• _DATA SECTION_:
#####
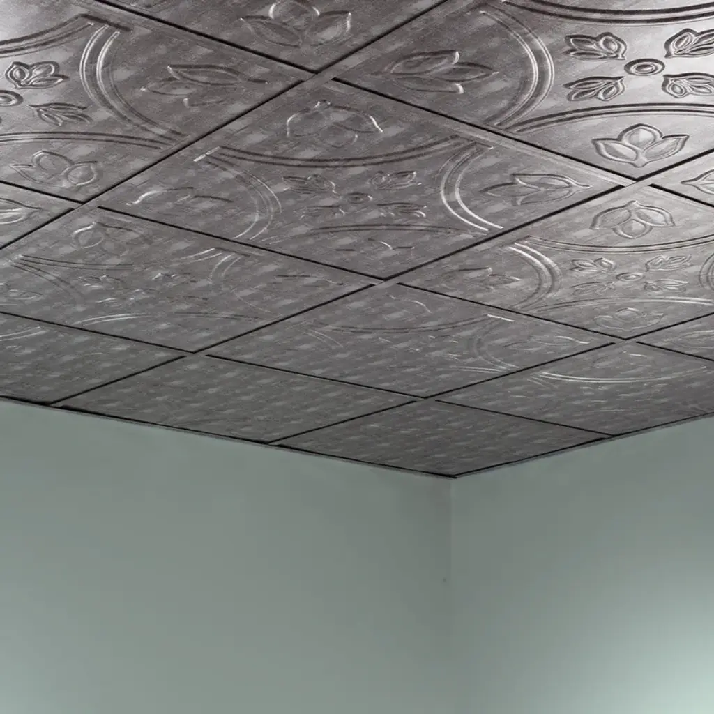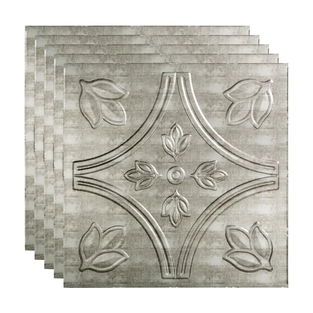 Fasäde Traditional Style 5 Decorative Vinyl 2Ft X 2Ft Lay In Ceiling Panel In Crosshatch Silver (5 Pack) - 5 Pack - Crosshatch Silver
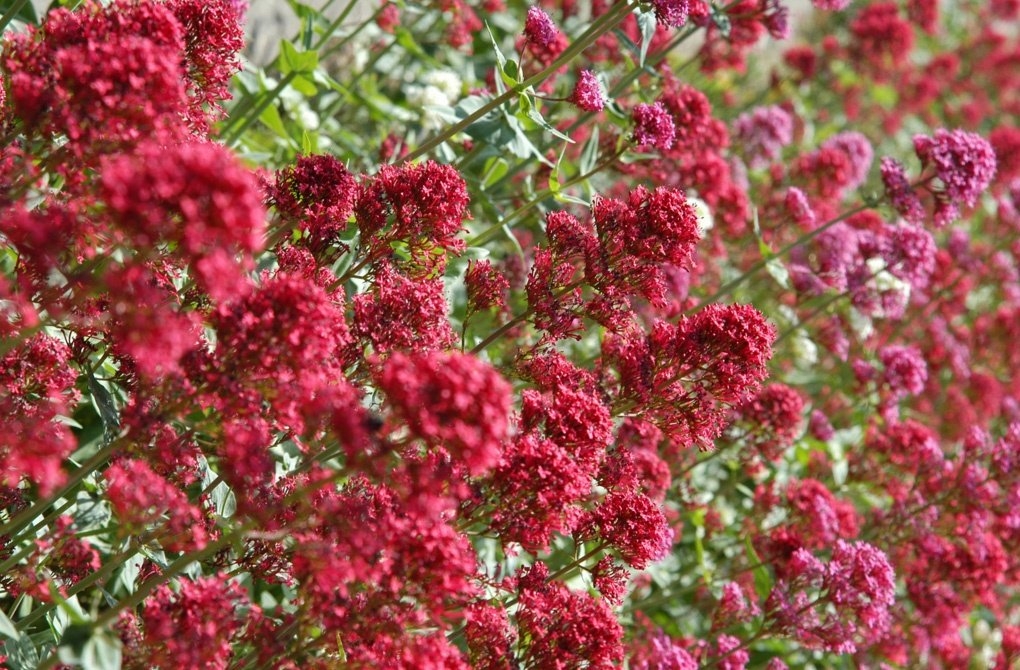 Кентрантус или валериана красная - эффектный многолетник, одно из достоинств которого - неприхотливость. Хотя кентрантус и относится к подсемейству Валериановых, он, в отличие от своей всем известной родственницы, лекарственными свойствами не обладает. Зато он очень красив и украсит любую клумбу. Высота растения - до 80 см. Растет в виде небольшого кустика, шириной до 60 см. Листья сизо-зеленые, супротивные. Соцветия похожи на сирень, состоят из многочисленных мелких розово-красных цветков. Выведены формы с белыми цветками (сорт "Albiflorus"). Цветет кентрантус продолжительно - в течение всего лета, имеет небольшой плод-орешек.
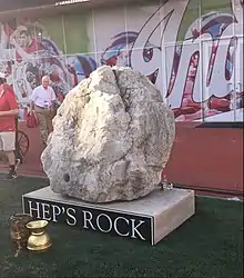 In 2005, head football coach Terry Hoeppner had a southern Indiana limestone boulder, nicknamed "The Rock", installed in the north end zone as a new campus tradition. This limestone boulder was found prior to Hoeppner's first season at IU in the practice field. It was removed, put on a granite slab and moved to the stadium. The Hoosiers and coach Hoeppner walked out and touched the Rock before running onto the field at every home game during Hoeppner's time as head coach (a tradition that continues today). Terry Hoeppner died of brain cancer on June 19, 2007,[9] and The Rock (renamed "Hep's Rock" during a ceremony with the Hoeppner family on November 6, 2010) now serves as motivation for the team as well as a tribute to Hoeppner's influence on the football program.
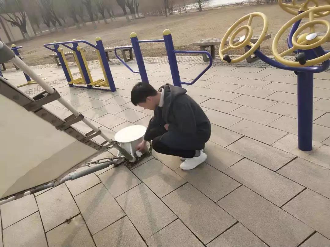 首先,同学们对河岸的垃圾进行了捡拾。近几日天气逐渐回暖,蒲河的冰渐渐融化,河岸也变得有些泥泞,但同学们不怕脏不怕累,沿着河岸徒手捡拾垃圾。
#####
• _YOUR TASK_: Without including any picture, set down every line above exactly as it stands.

• _SOLUTION FOR THIS PROBLEM_:
 Fasäde Traditional Style 5 Decorative Vinyl 2Ft X 2Ft Lay In Ceiling Panel In Crosshatch Silver (5 Pack) - 5 Pack - Crosshatch Silver
 Кентрантус или валериана красная - эффектный многолетник, одно из достоинств которого - неприхотливость. Хотя кентрантус и относится к подсемейству Валериановых, он, в отличие от своей всем известной родственницы, лекарственными свойствами не обладает. Зато он очень красив и украсит любую клумбу. Высота растения - до 80 см. Растет в виде небольшого кустика, шириной до 60 см. Листья сизо-зеленые, супротивные. Соцветия похожи на сирень, состоят из многочисленных мелких розово-красных цветков. Выведены формы с белыми цветками (сорт "Albiflorus"). Цветет кентрантус продолжительно - в течение всего лета, имеет небольшой плод-орешек.
 In 2005, head football coach Terry Hoeppner had a southern Indiana limestone boulder, nicknamed "The Rock", installed in the north end zone as a new campus tradition. This limestone boulder was found prior to Hoeppner's first season at IU in the practice field. It was removed, put on a granite slab and moved to the stadium. The Hoosiers and coach Hoeppner walked out and touched the Rock before running onto the field at every home game during Hoeppner's time as head coach (a tradition that continues today). Terry Hoeppner died of brain cancer on June 19, 2007,[9] and The Rock (renamed "Hep's Rock" during a ceremony with the Hoeppner family on November 6, 2010) now serves as motivation for the team as well as a tribute to Hoeppner's influence on the football program.
 首先,同学们对河岸的垃圾进行了捡拾。近几日天气逐渐回暖,蒲河的冰渐渐融化,河岸也变得有些泥泞,但同学们不怕脏不怕累,沿着河岸徒手捡拾垃圾。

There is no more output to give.